Mientras el Presidente de la ANDI vaga por los campos que fueron de golf en La Habana, y hoy son los barrios reservados para deleite de la nomenklatura y descreste de los visitantes, sus afiliados han recibido las peores noticias de muchos años. Para hacer corto el cuento, la producción industrial no tuvo crecimiento en el 2.012.

Dirá algún desprevenido que los industriales pueden quedarse donde están sin que les pase mucho. Habrá que sacarlos de esa ilusión. Para la industria no existe el punto muerto. La industria produce más y mejor o se liquida. El estancamiento no existe, ni puede existir. La industria tiene que incorporar todos los días tecnologías y equipamientos nuevos, o la sacan del mercado. Porque el proceso productivo es fatalmente dinámico y solo se agotaría cuando todas las necesidades estuvieran satisfechas y cuando los precios hubiesen llegado a un punto inamovible. Y ambas cosas son imposibles. Lo que nos asombra hoy, mañana desaparece por vetusto. Y lo que parece el punto de llegada es apenas un nuevo punto de partida.

Estamos a distancias infinitas de la capacidad de aquietarnos. Nuevas masas de población acceden, o quieren acceder, a las ofertas de la modernidad. Y la ciencia, con sus descubrimientos asombrosos, abre la senda para formas distintas de manejar la salud, los alimentos, la energía, la capacidad de comunicación y de investigación.

Si dedicamos tantas líneas a lo que por  obvio pudiera omitirse, es solo porque la opinión no le ha dado importancia a lo que nos pasa.

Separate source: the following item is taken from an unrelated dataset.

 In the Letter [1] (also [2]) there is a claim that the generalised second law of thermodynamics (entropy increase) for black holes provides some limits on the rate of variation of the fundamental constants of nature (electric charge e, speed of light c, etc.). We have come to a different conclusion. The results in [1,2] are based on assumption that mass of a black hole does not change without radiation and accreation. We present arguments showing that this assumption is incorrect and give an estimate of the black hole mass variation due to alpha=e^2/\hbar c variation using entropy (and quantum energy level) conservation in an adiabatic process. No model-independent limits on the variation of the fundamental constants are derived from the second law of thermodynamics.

Por decenios, y gracias a las recetas cepalinas, mantuvimos una industria mediocre, que mal o bien sacaba sus productos a un mercado cautivo, cerrado, protegido. Y nos hemos acostumbrado a la idea de que las cosas pudieran seguir del mismo modo. Pues definitivamente, no. La industria mediocre produce poco, caro y de mala calidad. Y el que produce así se quiebra. Porque ya no es posible condenar a nadie a la insularidad, lo que nos arroja a la mitad de un mundo esencialmente competitivo. Uno no puede celebrar un TLC con Corea y olvidar que ese país está a la cabeza de la tecnología en maquinaria pesada, equipos de comunicación y transporte, electrodomésticos, elementos de construcción. Abrirle nuestros mercados es desafiarla a que nos invada, con la ilusión de que podremos invadirla con nuestra oferta.

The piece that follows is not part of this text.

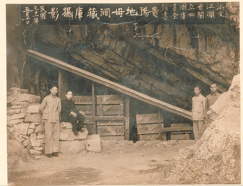 1942年浙江图书馆工作人员与精心保管的文澜阁《四库全书》在贵阳地母洞中合影

¿Oferta de qué, nos preguntamos? Si la industria no crece es porque ni siquiera puede abastecer nuestros elementales mercados. Lo que significa que andaremos en carros coreanos, veremos televisión en aparatos coreanos, cocinaremos con aparatos coreanos, en una palabra, viviremos en coreano. Nuestra estancada industria, así examinada, no tiene más horizonte que las fórmulas que se aplican en la Superintendencia de Sociedades para los quebrados.

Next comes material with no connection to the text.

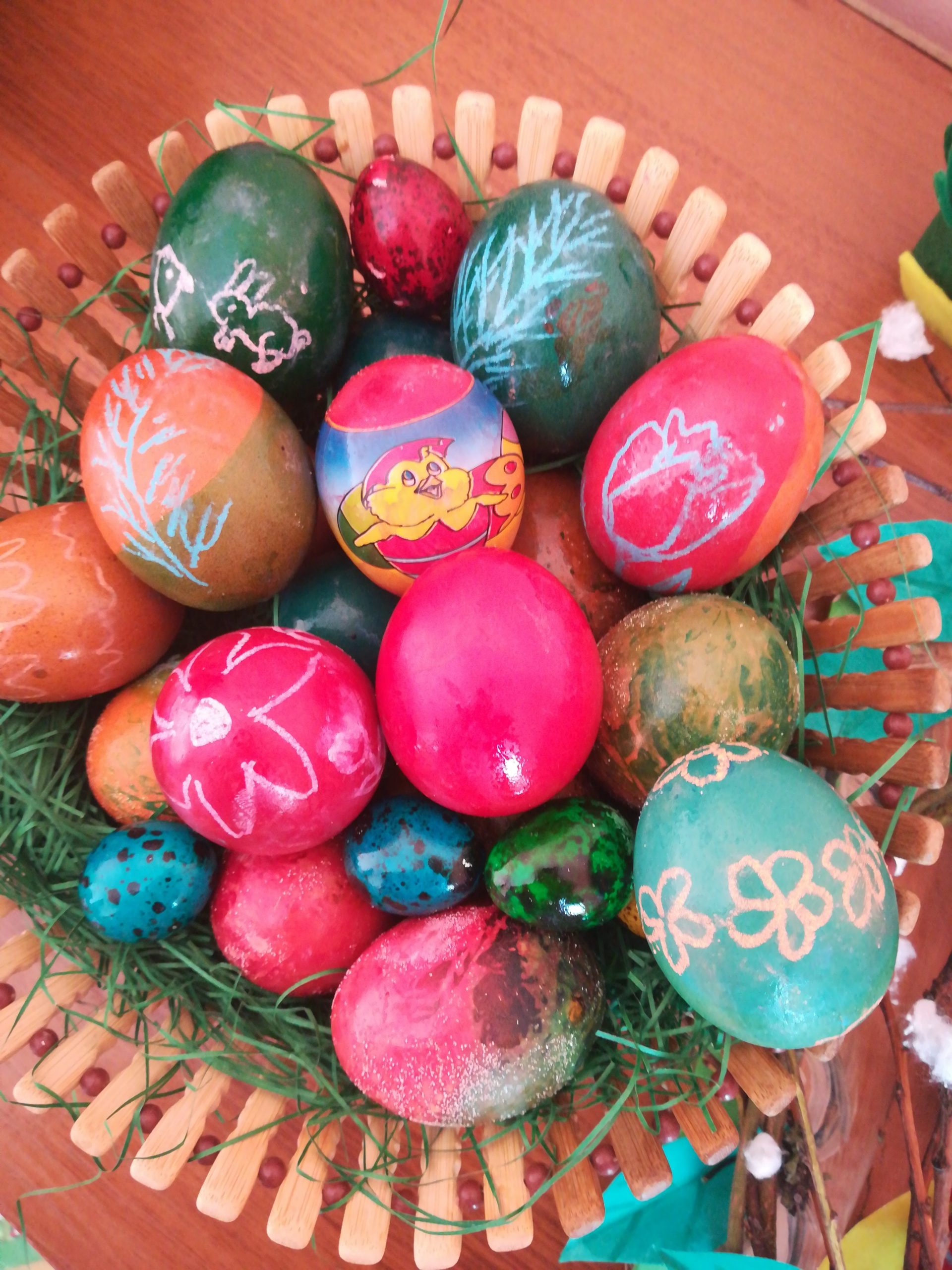 На 16.04.20г. беше проведен час – Занимания по интереси под надслов ,,Шарени яйца”. Благодарение на осъществената видео – връзка, учениците от II в клас боядисаха своите яйца. Беше забавно и поучително. Научихме много за празника Великден, както и защо първото яйце е червено.

Lo hemos tenido todo para dar un gran salto adelante. El mundo resolvió comprar caro lo que produce nuestra tierra. Eso, que en Economía se llama los términos de intercambio, nos abrió la puerta para financiar grandes proyectos industriales, con tecnología de punta, equipos ultramodernos y gente ultramoderna. Pero el Gobierno y el Banco de la República se apuntaron a la carta del sedentarismo. A felicitarse cada día porque la inflación está bajita y el fisco rico. Mientras tanto, el trabajo colombiano se marchita y el desarrollo se hace imposible. Un campesino de Chinchiná, de esos que no se le pueden nombrar al Presidente, descubre que lo que ha producido toda la vida ya no le alcanza para el pan de su familia. Y se desconcierta. Y se enoja. Y vocifera, sin necesidad de que las FARC estimulen su ira ni le hagan levantar la voz. Pero el pobre no sabe que su ruina es el precio de la satisfacción del Banco y de la mermelada que ofrece el Gobierno en todas partes.

Debimos aprovechar la bonanza para industrializarnos y en cambio nos echamos a dormir. Y camarón que se duerme, amanece en cazuela. Y en la cazuela hemos quedado, listos para que nos coma el primer transeúnte. ¡Y vaya que los hay!